Драма как определенный род литературы появляется в европейском театре только в эпоху Возрождения, после того, как гуманисты отыскивают образцы комедий Плавта и Теренция. Античные писатели становятся деятельными участниками в создании нового, ренессансного театра, обращающего искусство от заоблачных высей к земным интересам. Драматургическое совершенство этих произведений настолько зачаровывает писателей-гуманистов, что они объявляют античный канон абсолютным и целиком отрицают искусство, существующее в современном обществе. Происходит исторический парадокс: провозгласив античную драму как художественную норму, гуманисты упускают главнейший принцип античной драмы — ее органическую связь с действительностью. Писатели-гуманисты, в отличие от греческих авторов, игнорируют свой собственный народ, его искусство и быт, в результате чего новое направление приобретает подчеркнуто аристократический характер, но это не лишает его прогрессивного значения, которое заключается в утверждении примата разума над верой и человеческих страстей над религиозными чувствами.

Если гуманистической, классицистской драме удается, усвоив основные законы драматургии, преодолеть предрассудки старинного искусства, то она теряет всякую связь со сценическими действиями, с народным театром, который начинает развиваться самостоятельно, в отрыве от достижений драматургии. Драматическое и сценическое искусство — commedia erudita и commedia dell'arte — становятся антиподами.

В то время как в ученых собраниях и при дворе показываются римские и итальянские литературные комедии, простонародный фарс продолжает свое самостоятельное и успешное существование. В крестьянских сценах Анджело Беолько он получил дальнейшее развитие. На один момент возникает даже надежда, что фарс оплодотворится опытом литературной комедии: Беолько занимался переделками Плавта. Но это начинание не получило дальнейшего развития, и фарс продолжал существовать совершенно самобытно.

Развивая свое искусство, стремясь обогатить его новы материалом, фарсовые актеры, естественно, обращались к литературе— городской новелле и commedia erudita. Но, заимствуя оттуда сюжетные схемы, они целиком оставляли за собой право заполнять их фарсовой лексикой и карнавальными персонажами. Принцип импровизации, органический для ранних народных зрелищ — сельских игр, карнавалов, бытовых сцен мистерий и отчасти фарсов,— получил тут свое полное и совершенное развитие.

Импровизация определила собою рождение нового рода художественной деятельности — актерского творчества. Импровизирующий лицедей невольно проникался чувствами изображаемого персонажа потому что без этого условия он не мог непосредственно действовать от имени своего героя.

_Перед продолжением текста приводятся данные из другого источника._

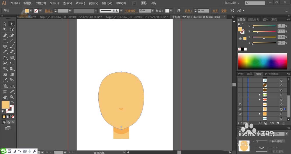2、使用明暗不同的粉黄色分别填充女孩的脸蛋主体与脖子,在脖子上方为暗光区域。
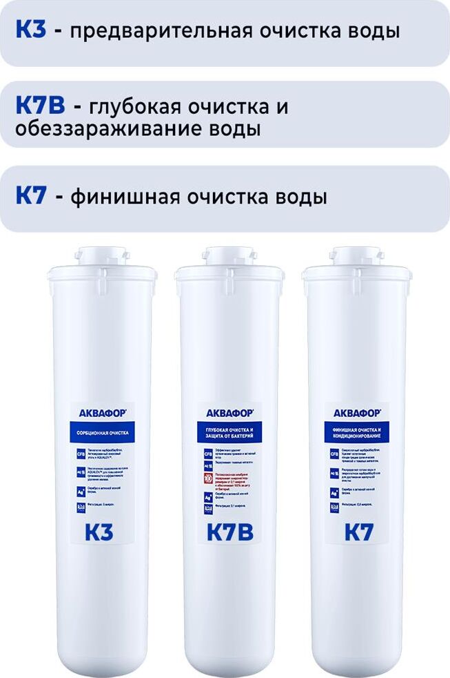 АКВАФОР Комплект картриджей К3-К2-К7В для проточных фильтров (упак.:3шт)

— коллективность творческого процесса, устанавливающего органическую связь между актерами, без чего невозможно было бы создание целостного представления — спектакля.

Можно полагать, что отсутствие литературы в commedia. dell'arte, ограничивающее познавательное значение этого жанра, облегчало самостоятельное развитие сценического искусства как особого вида творческой деятельности.

Существуя параллельно, commedia erudita и commedia dell'arte подготовили законы драматургического построения литературного материала и практические принципы актерской игры. Нужен был синтез этих двух начал, чтобы родилось высокое театральное искусство. Такой синтез мог произойти только в том случае, если содержанием искусства становилась жизнь.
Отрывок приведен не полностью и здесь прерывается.